The president’s comment that the environmental review process has become a "regulatory nightmare" is at face value unremarkable. That has been a refrain of a number of previous presidents, and the Council on Environmental Quality has several times issued new guidelines to try to limit its length and make its focus more concise, as a decision document rather than merely a catalog of conditions. In some cases agencies have tried to use comprehensive documentation of existing conditions as a substitute for serious decision-relevant analysis of the comparative environmental merits of perhaps better alternatives. In other cases some parties have sought to prolong and complicate the process to stop projects they felt were environmentally damaging; but in some of these cases they were responding to agencies’ unwillingness to consider alternatives that were potentially environmentally superior.

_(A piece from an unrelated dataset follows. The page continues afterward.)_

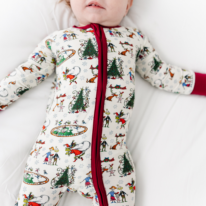 Christmas Snowflake Green Face Dog Baby Bamboo Zipper Romper Pajamas

What is more important than these statements themselves are the actions that come with them. The Environmental Impact Statement (EIS) mandated by NEPA was intended to be an essential element for any federal action significantly affecting the environment. Reforms that make it serve this purpose more effectively are desirable. Unfortunately, many past proposed “reforms,” including expanding categorical exclusions, only work by removing more and more actions, or more and more of the environment, from NEPA's scope, corroding the law's purpose and effectiveness. Similarly the “reforms” now proposed would simply exclude foreseeable conditions such as climate change from environmental analyses of proposed infrastructure projects. That move, alongside the rhetoric here solely focused on the benefits of building projects, with no mention of any environmental costs, augur a wholesale abrogation of NEPA's original aims. Especially for long-lived public investments in infrastructure,almost certainly be affected by changes already foreseeable, this new NEPA regimen also promises shorter-lived roads, bridges, tunnels, etc., and a growing waste of taxpayer funds.

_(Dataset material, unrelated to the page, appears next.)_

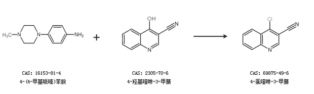 2.通過4-(4-甲基哌嗪)苯胺和4-羥基喹啉-3-甲腈合成4-氯喹啉-3-甲腈

NEPA’s environmental analysis requirements should continue for all federal actions significantly affecting the environment. They should include all significant impacts anticipated, all significant environmental trends affecting them, and all meaningful alternatives available either to the initiating agency or to other federal agencies reviewing the document. And the opportunity to review the analysis and to suggest better alternatives should remain open both to all other agencies with relevant jurisdiction or special expertise and to the public. The resulting analysis should produce a concise and environmentally sound basis for making a reasonable, rather than an arbitrary or capricious, choice among the alternatives considered.
See Richard N.L. Andrews, Managing the Environment, Managing Ourselves: A History of American Environmental Policy (New Haven: Yale University Press, 1999), 184-90.